Thursday, January 15, 2004

Gay issues again

Before it becomes too obvious, let me note that I'm not a lawyer. So let's make this really simple.

A marriage consists of a man and a woman. Anything else is not a marriage.

If the participants in love, that's good, but not essential - millions of marriages the world over are arranged by others such that the bride and groom have never even met before marriage. Thus love is not relevant.

If they procreate, that's OK, but not essential.

There is no "right" to get married. Both churches and states have reserved the right to restrict who can marry whom. Professions of love are not sufficient to overcome these, nor is procreation.

Gays have exactly the same right to get married that everyone else does. They just have to marry someone of the opposite sex. That they might love someone else is beside the point.

Being gay is not like being a racial minority. Gays are not required to identify themselves as such legally - it's not on their driver's license, passport or any other common legal document. Gays often cannot be recognized as such. Gays can claim to be straight and vice versa and no one can prove otherwise. In short, being gay is not an immutable state, but a choice. As such it's unworthy of being classed with handicaps, race and sex wrt Federal or state protections.

The various differential statuses and rights written into our marriage laws were designed for marriages consisting of a man and a woman. These are not necessarily appropriate for same-sex pairings. Whether it is appropriate to extend these to same-sex marriages should be addressed on an issue-by-issue basis by legislators in advance, and with input from interested parties like insurors. These issues will be addressed, and it will be far more expensive and less orderly if done in the courts after the fact.

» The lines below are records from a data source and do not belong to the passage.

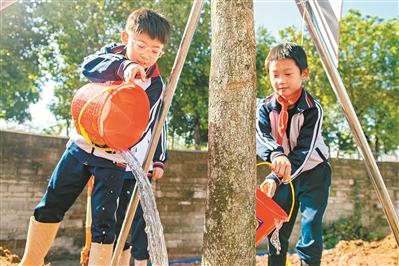 3月12日植树节当天,来自荔湾区西关实验小学海北学校的学生参加义务植树活动,为新植的树木浇水。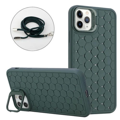 Pour iPhone 12 Pro Porte-objectif rayonnant en nid d'abeille Étui de téléphone Magsafe avec lanière (vert)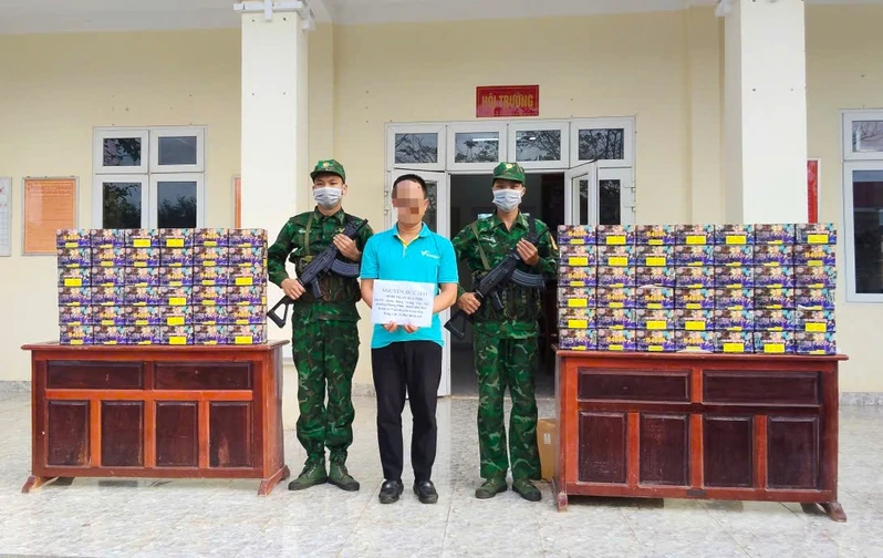 Đối tượng Nguyễn.Đ.H và tang vật là 70 hộp pháo hoa nổ với tổng trọng lượng 144 kg tại Đồn Biên phòng Cửa khẩu Hoàng Diệu.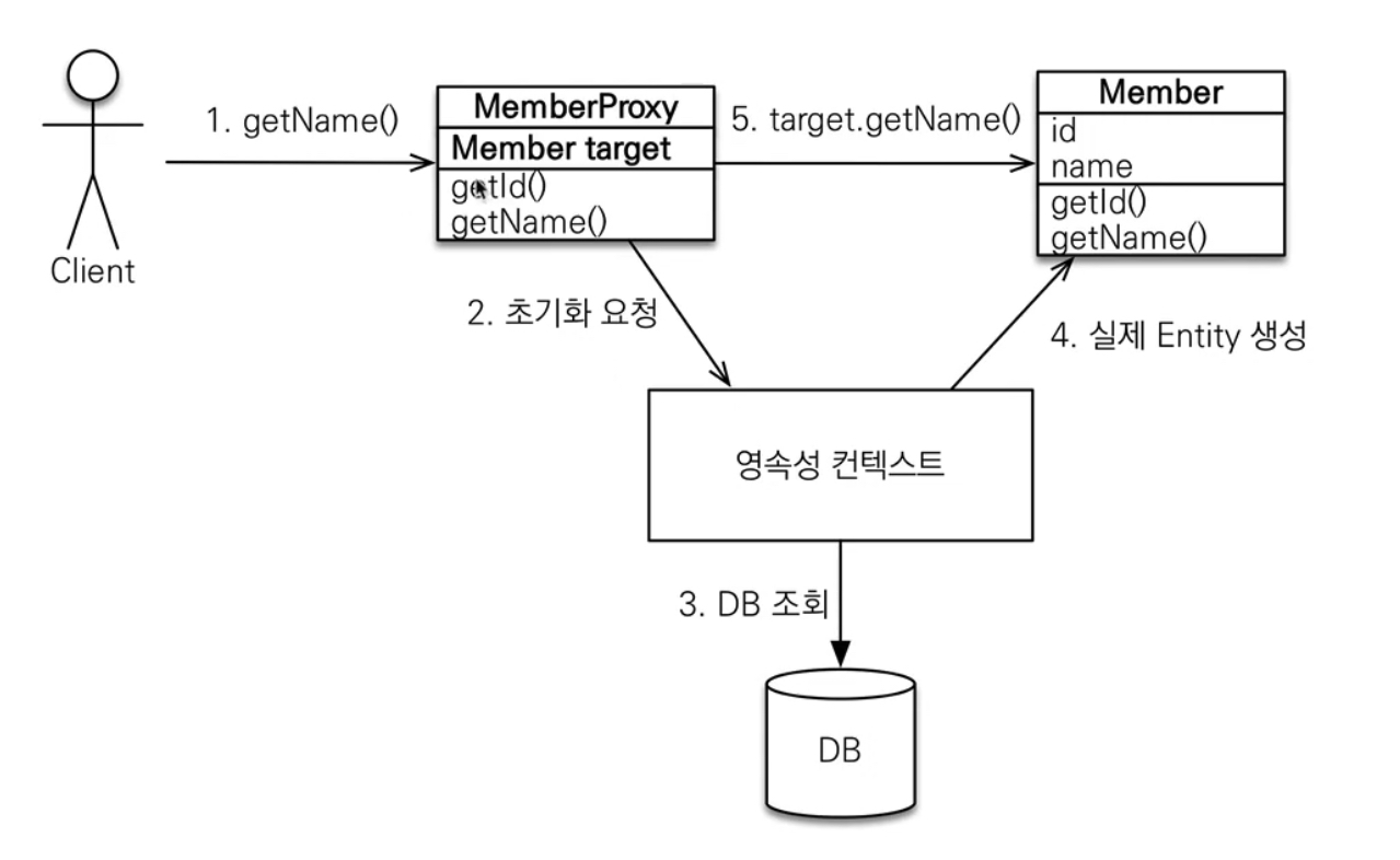 그리고 초기화를 하면 프록시 객체는 영속성 컨텍스트에 초기화 요청을 하고 영속성 컨텍스트는 DB를 조회한다 그럼 실제 Entity가 생성되고 그 Entity의 위치가 프록시 객체 target에 저장된다.

The body of law that addresses marriage is large and complex. It would require substantial revision to accomodate new issues that arise with male-male or female-female relationships, and many issues that arise with male-female relationships would not apply. It makes no sense to encumber marriage law with innumerable new "if's" when it is already so complicated.

Such revisions would have to take place in all 50 states. That's a substantial effort. And for what? So a tiny sliver of our population might save some legal paperwork and expense. IMO such a demand is unreasonable.

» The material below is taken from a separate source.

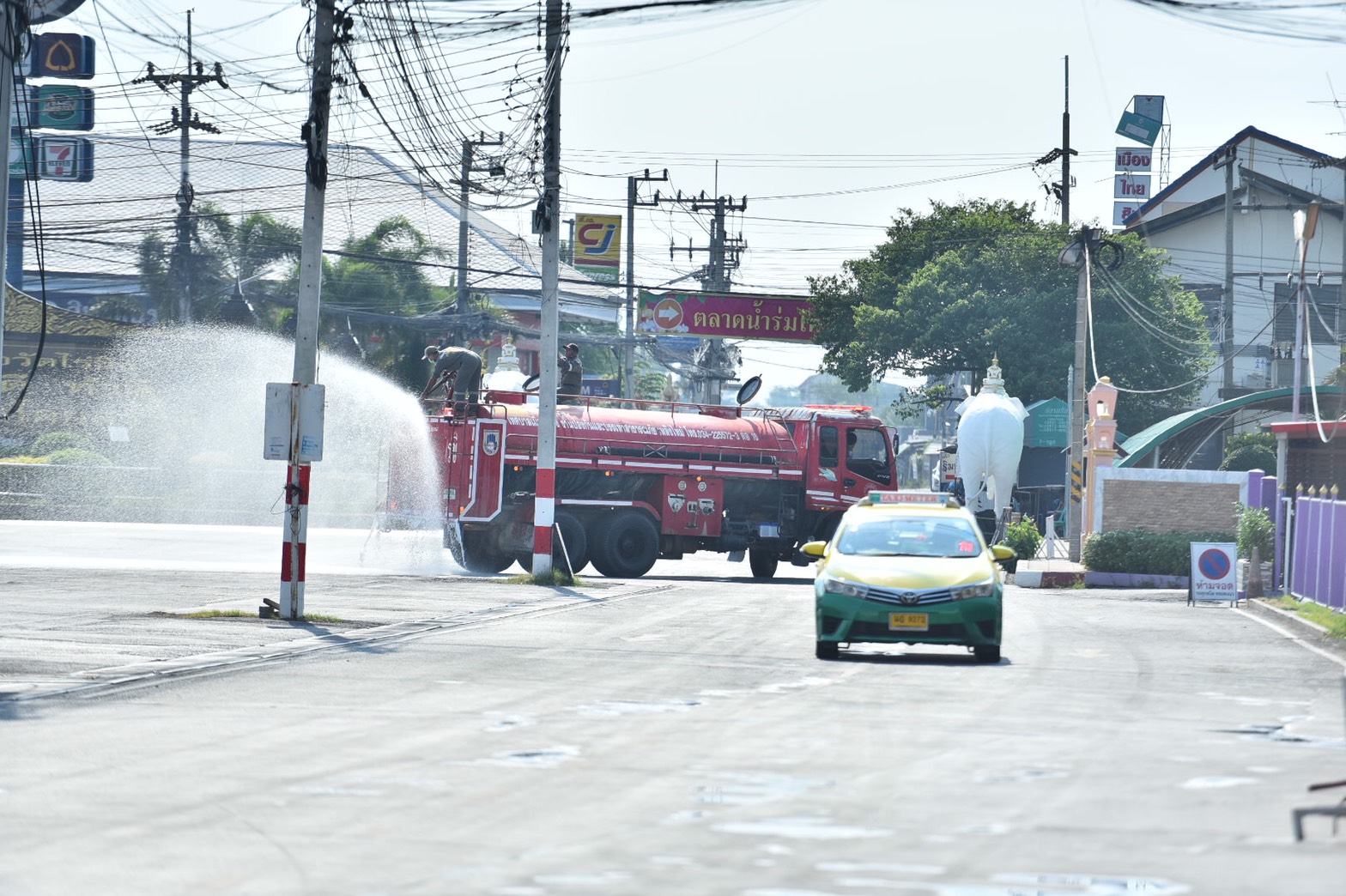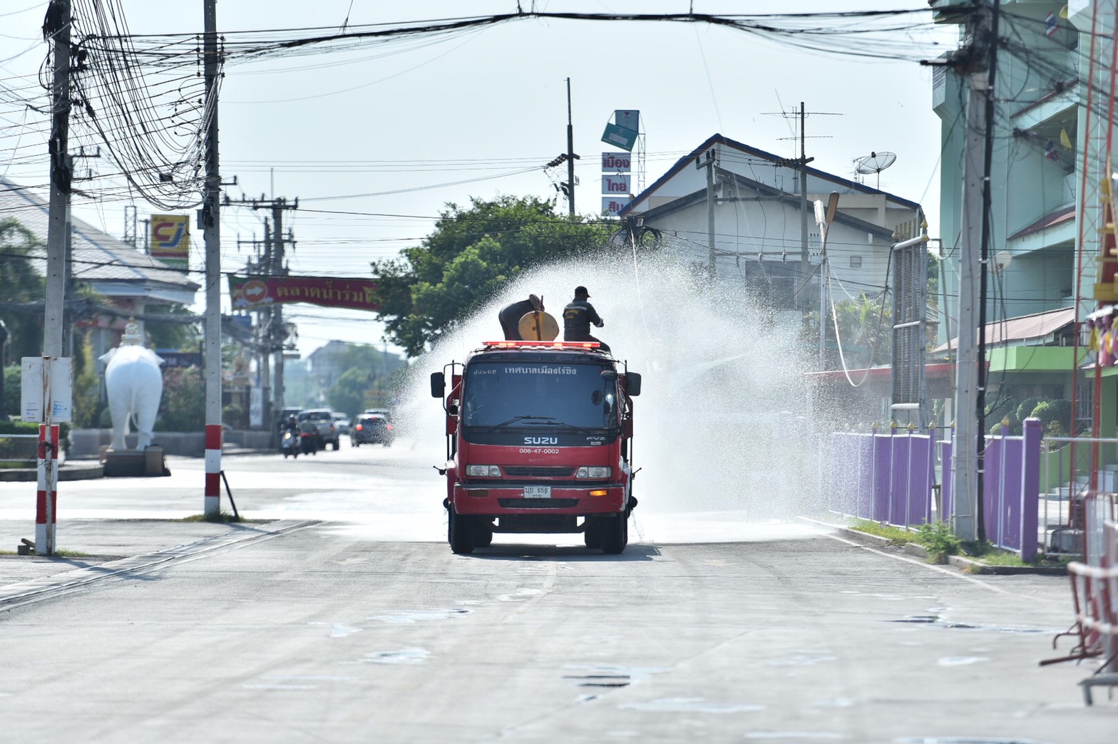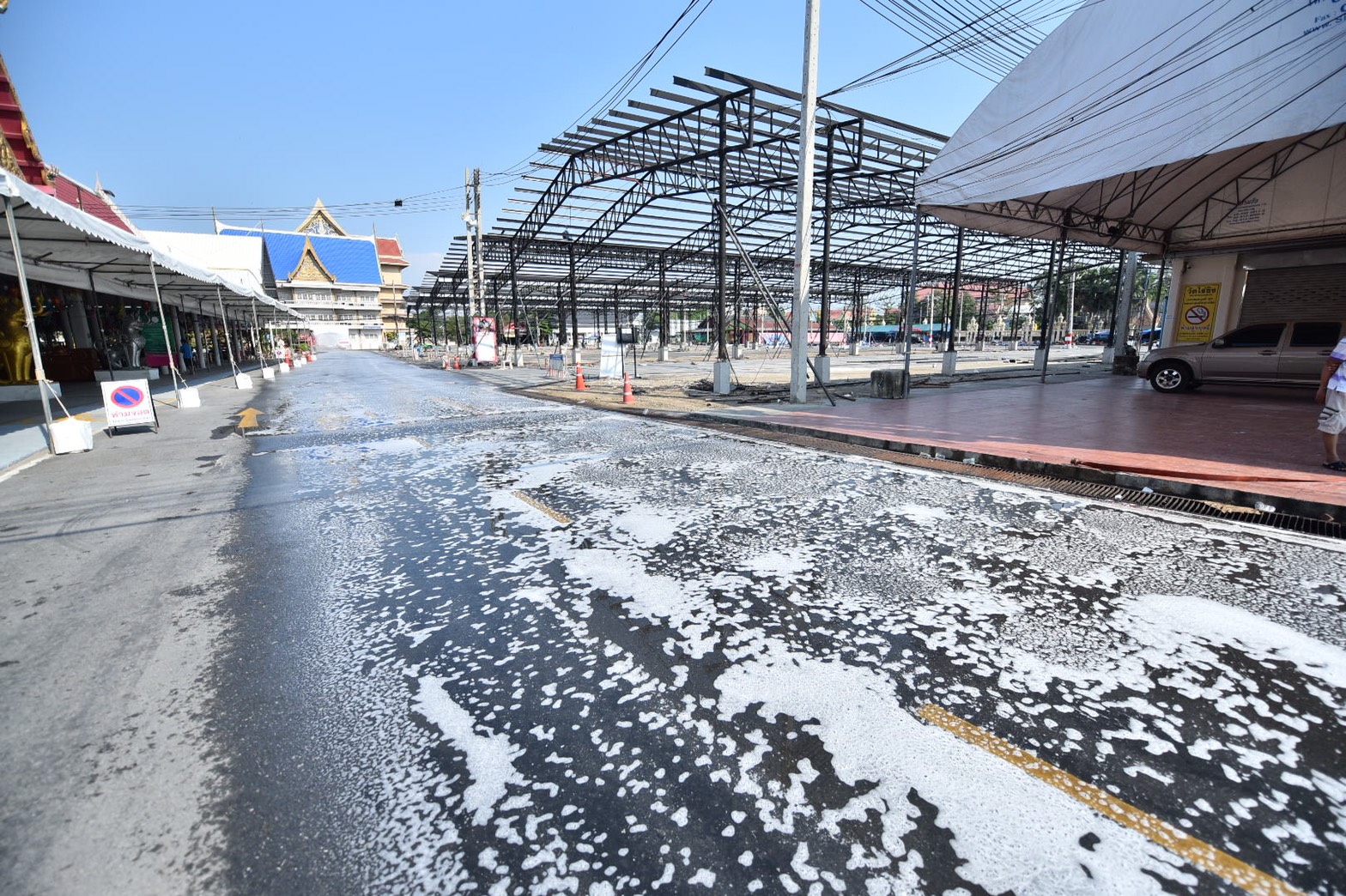 นายกเทศมนตรีเมืองไร่ขิงบัญชาการใช้น้ำยาล้างพื้นถนน

Although I oppose federalizing marriage law, I would support a Constitional amendment defining marriage as a man and a woman just to prevent chaos.

I recognize that harmonizing marriage laws across the country would be beneficial, however. Surely we have talented lawyers who can write a code for "civil unions", packaging what is appropriate for such couples into something democratically acceptable nationwide. The final product might even result in better marriage laws. So I ask why gays don't pursue this approach?

I've heard some claim that the 14th Amendment somehow has something to do with this issue. I'm sure its authors would be astonished to hear this - I'm guessing that if someone had said "if you give blacks equal rights you're paving the way for homosexual marriage!" he would have been laughed out of the room if not sedated. Those of you who do think that an amendment written almost a century and a half ago can be interpreted so probably owe a huge apology to Senator Rick Santorum.

I guess that's enough flame-bait for one day.